Visa and MasterCard entered a sharing agreement last year that makes Visa responsible for about 67% of any settlement and MasterCard responsible for 33%.
The proceeds go to card issuing banks,generating more than $40 billion a year for US lenders.
“Although we have strong defenses to all claims, a settlement avoids years of litigation and uncertainties that are inherent in such cases,” said Noah Hanft, MasterCard’s general counsel, in a statement.
Craig Wildfang, a partner at the Robins Kaplan plaintiff firm in Minneapolis, said, “The reforms achieved by this case and in this settlement will help shift the competitive balance from one formerly dominated by the banks which controlled the card networks to the side of merchants and consumers.”.
Unless it is, the card market will stay broken and neither merchants nor their customers will achieve a long term benefit.
In a peculiar twist, the rules permit merchants to offer discounts to customers who pay with cash.
Merchants may soon begin to impose a surcharge each time a customer pays with a credit card, a practice Visa Inc.
The pact doesn’t apply to debit cards, which have grown in popularity for small value transactions.
Besides the large retailers’ litigation, other merchants filed their own suits, including small business owners such as doctors and bakeries.
That means merchants who also accept Visa andMasterCard cards have been limited in their ability to surcharge because of their rules.
“we are hoping surcharging becomes commonplace, but small firms will not lead the charge,” says Mike Schumann, owner of Traditions Classic Home Furnishings in Minneapolis, which was a plaintiff in the case.
The settlement calls for merchants to advise consumers of the surcharges, potentially at the cash register.
Merchants have complained bitterly about Visa and MasterCard’s rising costs of accepting plastic, particularly as a growing number of US consumers use credit cards and debit cards for purchases.
It isunclear whether merchants in those states would be able to engage in the practice if Visa and MasterCard allow it.
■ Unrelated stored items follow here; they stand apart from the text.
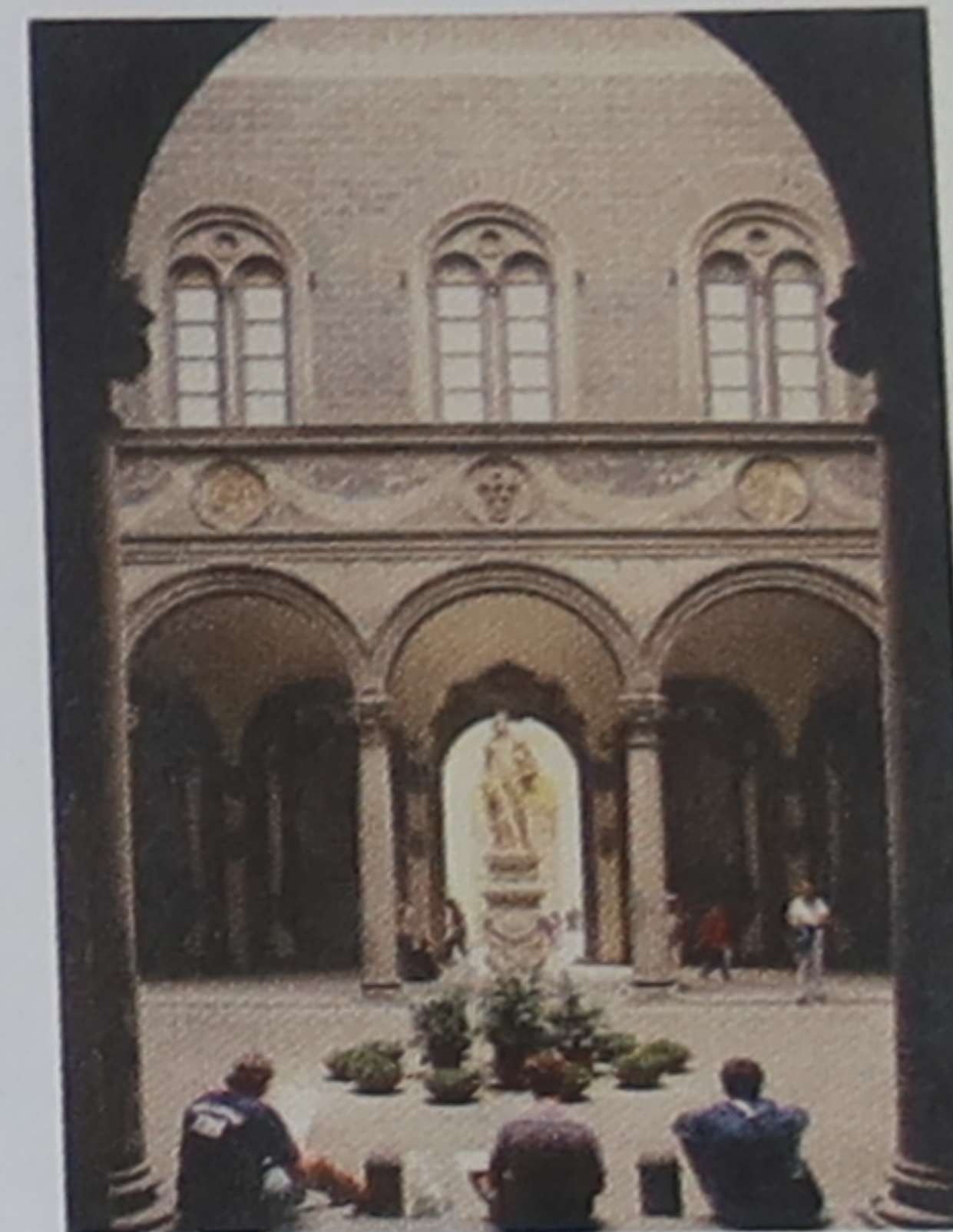
3 Palazzo Pucci La famille du styliste Emilio Pucci résidait dans ce palais.
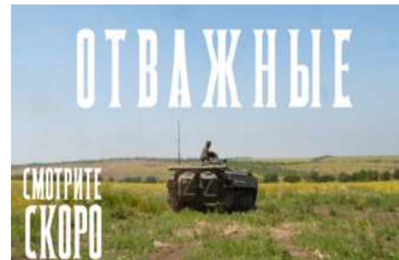
«Отважные», режиссер О. Шигина, 2023
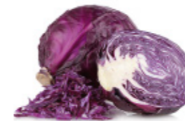
red cabbage chou rouge
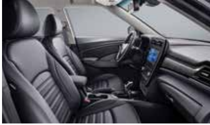
블랙 인테리어(그레이 헤드라이닝)
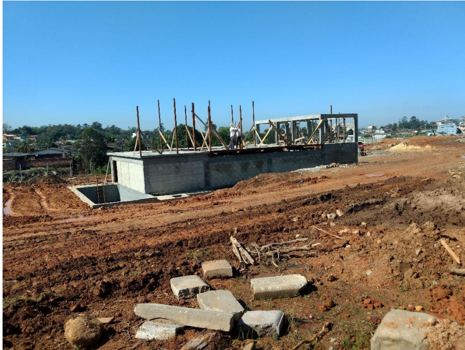
Figura 9: Tafona.

A tafona está com um bom ritmo de andamento, todo o primeiro andar apresenta-se em etapa de conclusão e está sendo realizado a execução do segundo pavimento.
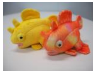
カエルアンコウぬいぐるみ イエロー、オレンジ 各1,058円
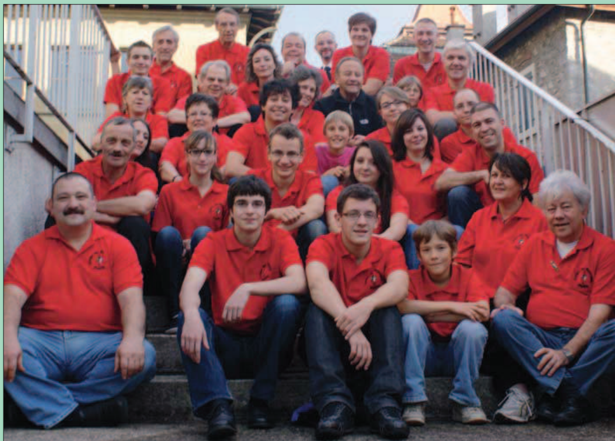
La société organisatrice
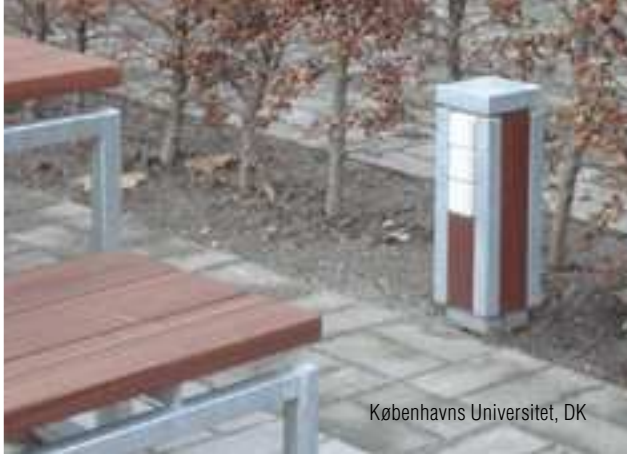
Københavns Universitet, DK
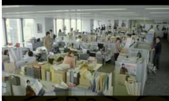
Gambar 4 Perusahaan Komik Sumber Kiyoku Yawaku 05:27

Pada latar sosial pada film Kiyoku Yawaku adalah masyarakat yang bekerja di sebuah perkantoran di Jepang sangat pekerja keras. Salah satu yang menunjukkan masyarakat Jepang kerja keras terdapat pada film Kiyoku Yawaku .
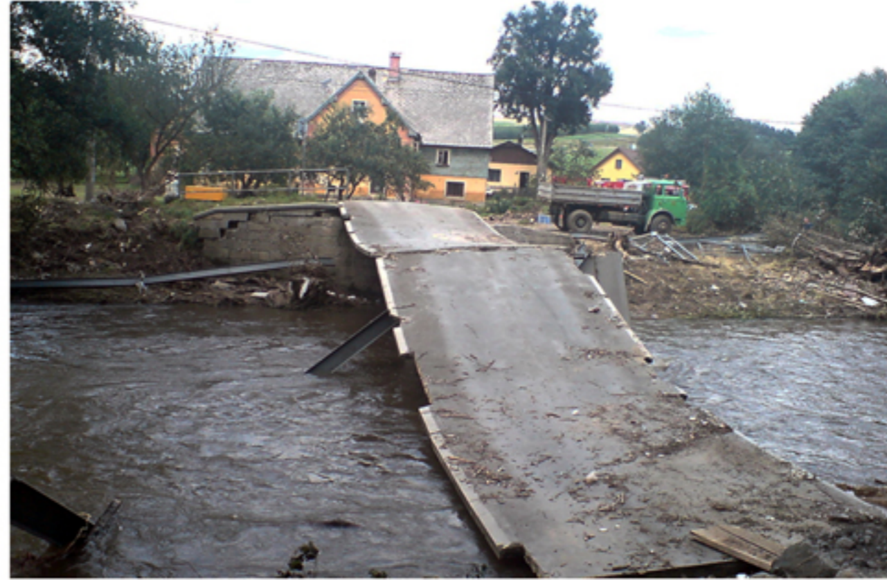
LOŇSKÁ POVODEŇ V CHRSTAVĚ ZASÁHLA VELMI KRUTĚ DO ŽIVOTA TISÍCŮ MÍSTNÍCH LIDÍ. PO ŽIVELNÉ POHROMĚ ZBYL KONEČNÝ ÚČET PŘÍBLIŽNĚ 1,5 MILIARDY KORUN. MĚSTO I LIDÉ SE S NÁSLEDKY BUDOU VYROVNÁVAT JEŠTĚ NĚKOLIK LET.

Už během průběhu první vlny začaly chodit první informa-
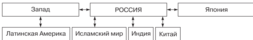
Рис. 3. Точки мирового влияния на Россию

После распада СССР мир внезапно стал однополюсным с растущими точками влияния: Китай, Япония, Индия, Латинская Америка, исламский мир (рис. 3).
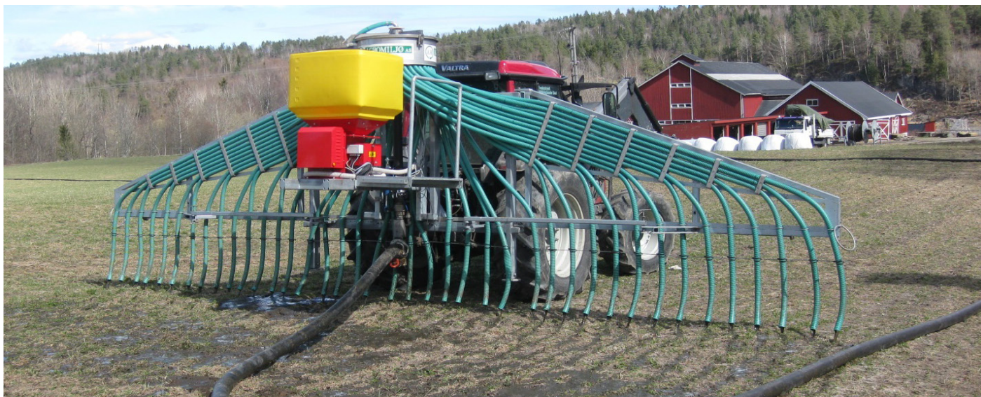
Nedlegging av husdyrgjødsel med tilførselsslange.
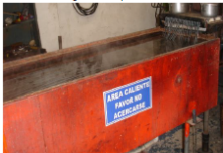
Fotografía 5. Inyección
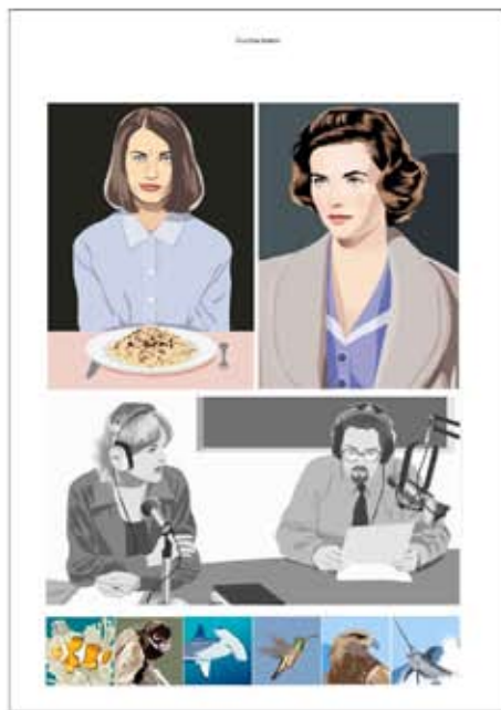
Ilustración navideña para la empresa suiza de audifonos phonack.
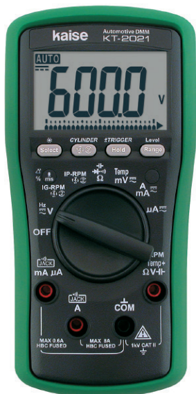
KT-2021 デジタルサーキットテスター
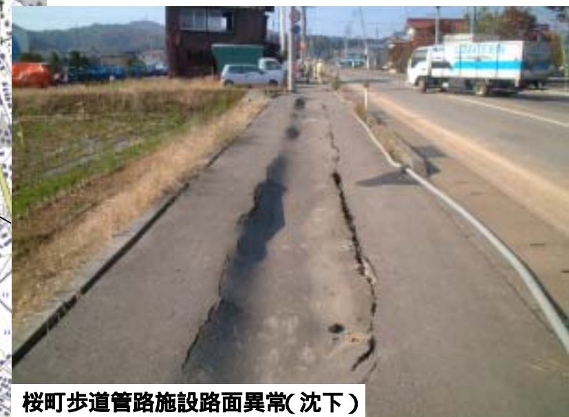
桜町歩道管路施設路面異常(沈下)
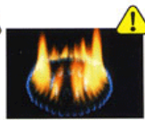
酸素不足 又はバーナー 内のつまり
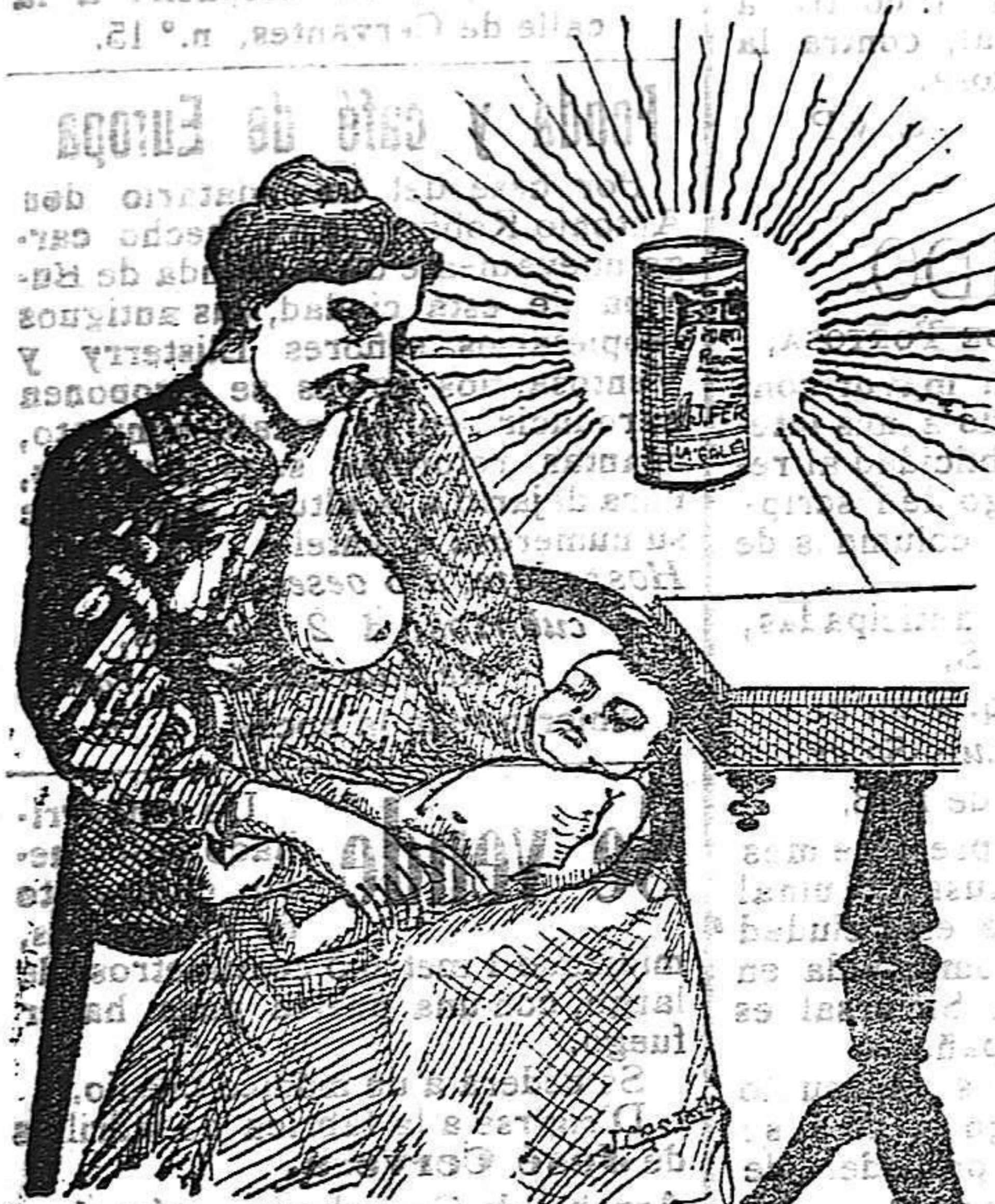
La que hizo caso del Salverol

Depósito general S. A. del Salverol en Santa Bárbara (Tarragona)
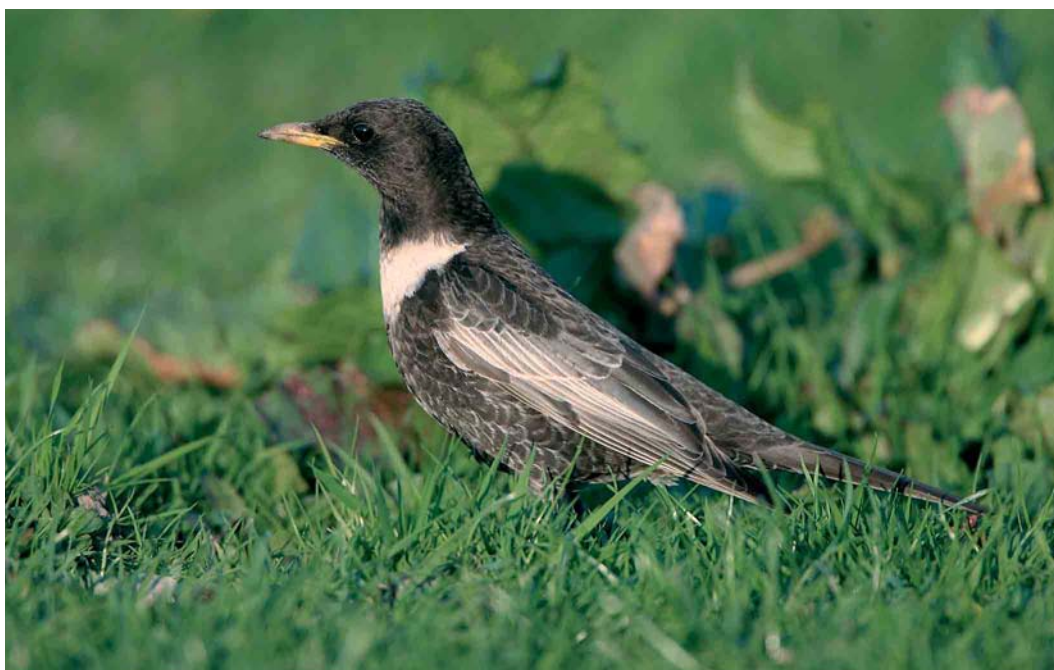
260 Beflijster / Ring Ouzel Turdus torquatus , mannetje, Hensbroek, Noord-Holland, 15 april 2007
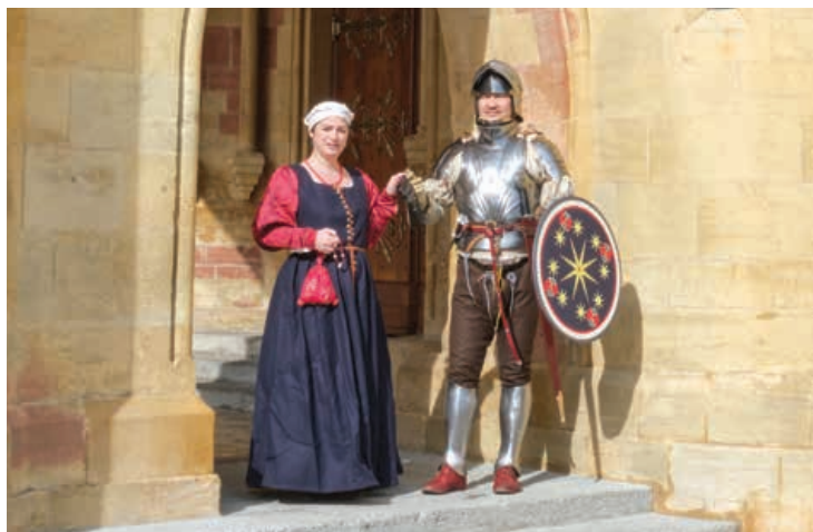
Les femmes n'hésitaient pas à se mêler aux combattants pour repousser un assaut, mais ne faisaient pas partie des soldats.
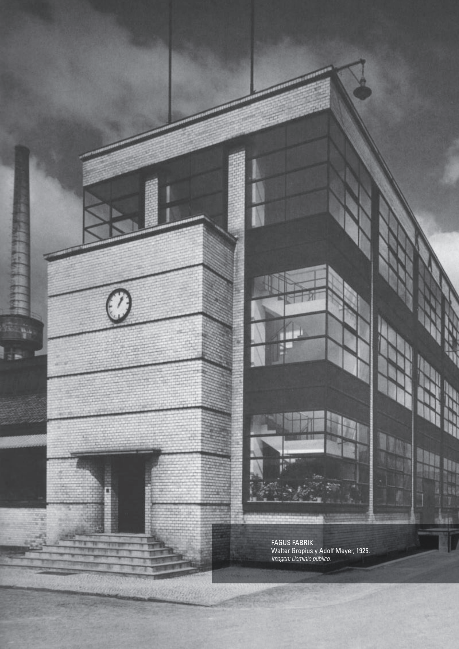
FAGUS FABRIK Walter Gropius y Adolf Meyer, 1925.
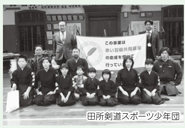
田所剣道スポーツ少年団
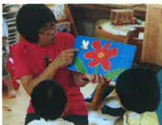
ちょうちよがとんでるね (^_^)
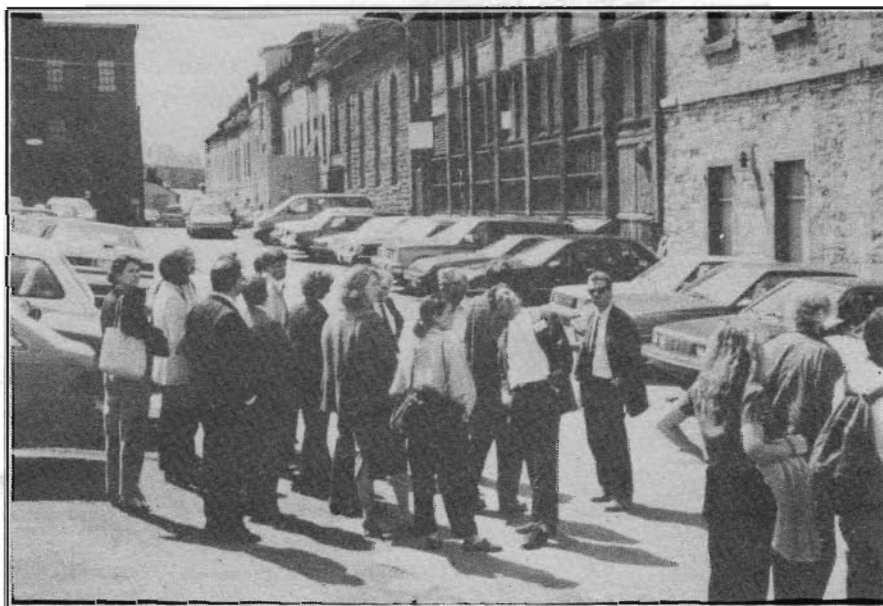
Visite du site des Nouvelles Casernes, Parc de l'Artillerie, site ayant fait l'objet d'une étude de cas à l'occasion du colloque sur les relevés et les villes historiques au mois de mai dernier à Québec.
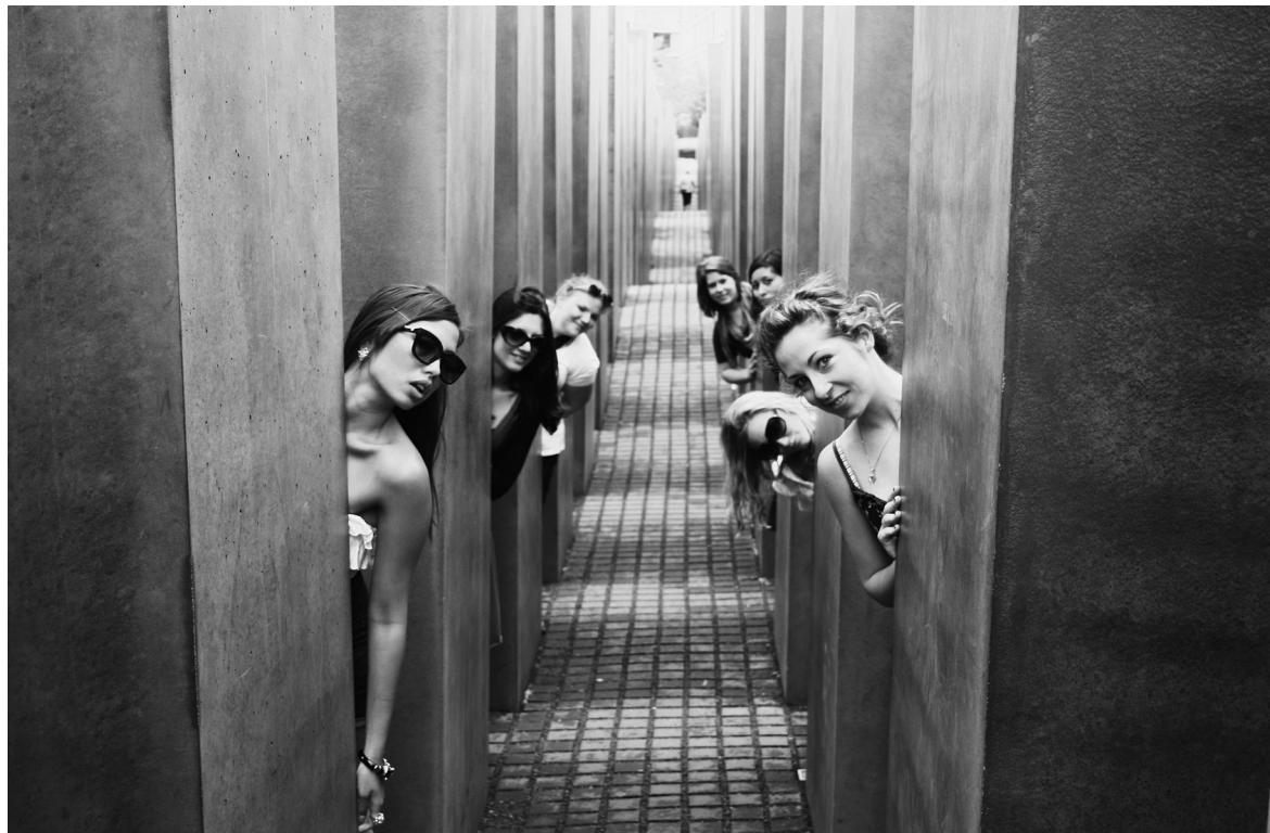
Památník obětem Holocaustu, Berlín.

bude vnímat stěnu k malování, někdo plochu k ležení, kdosi jiný prostor ke hře „na babu“, jiný k truchlení či vzpomínání.
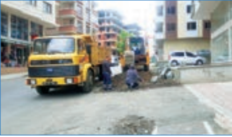
➤ Yaylacık Mahallesi Akçaabat Caddesi tretüvar çalışması
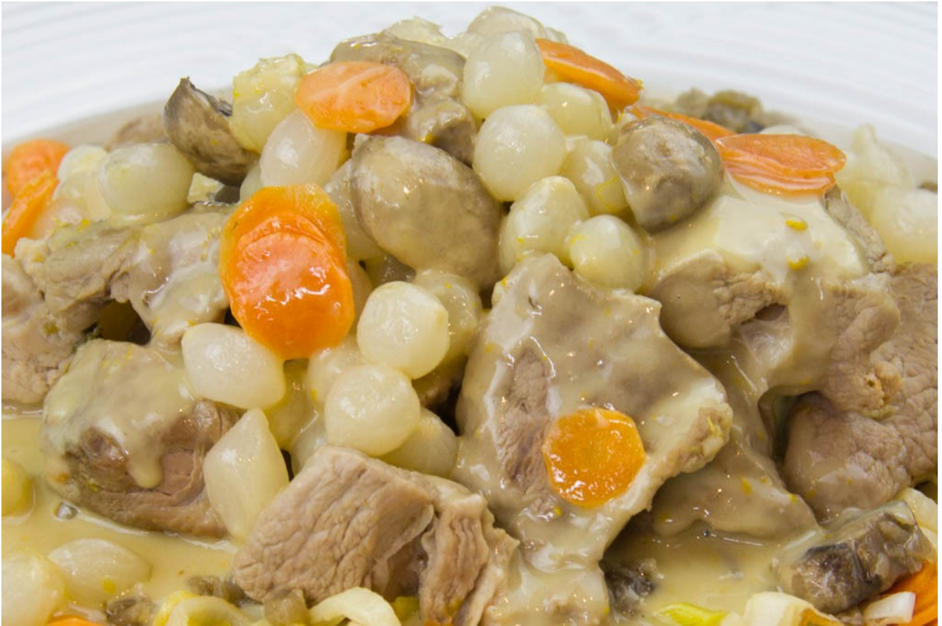
Blanquette à l'orange sous vide basse température
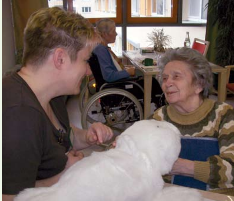
Große Kulleraugen – Robbe „Paro“ im Seniorenpflegeheim „Dr. Fritz Zeth“ in Suhl

Americans have been making more purchases with plastic than cash and checks since 2003.
Merchants pay roughly $25 billion each year to card issuing banks in so called interchange fees, which are levied on each transaction made with plastic.
The amount of the fees, which are set by Visa and MasterCard, varies greatly depending on the type of merchant and the type of card used.
Card companies defend those fees, saying merchants receive a big benefit from accepting plastic.
It cited concerns that some merchants may beusing surcharging to pad their bottom line instead of simply recouping the cost of card acceptance.
Among other things, people typically spend more when they pay with plastic instead of cash and checks.
The lawsuit settlement says that merchants can’t discriminate among card brands if they decide to add surcharges.
The settlement represents the second recent big interchange victory for merchants.
The Dodd Frank financial overhaul law that was adopted two year ago included a measure that cut in half the interchange fees on debit cards.
The deal may include payments to retailers and atemporary cut in interchange rates or “swipe fees” tacked onto each card purchase, said the people, who asked for anonymitybecause they weren’t authorized to speak publicly.
The National Association of Convenience Stores, which was one of the plaintiffs in the case, rejected the proposed settlement.
The trade group said that the settlement failed “to introduce competition and transparency into a clearly broken market.”.
Naomi Harris is a business journalist based in Darwin, Australia. Naomi has a passion for financial markets and breaking news stories and loves writing about business news, stock market, and economic opinions that matters most to its audience. Naomi spends a lot of time discovering and researching latest financial markets and industry news stories in order to make sure the latest and greatest stories are brought to you first on BigBoardNews.com.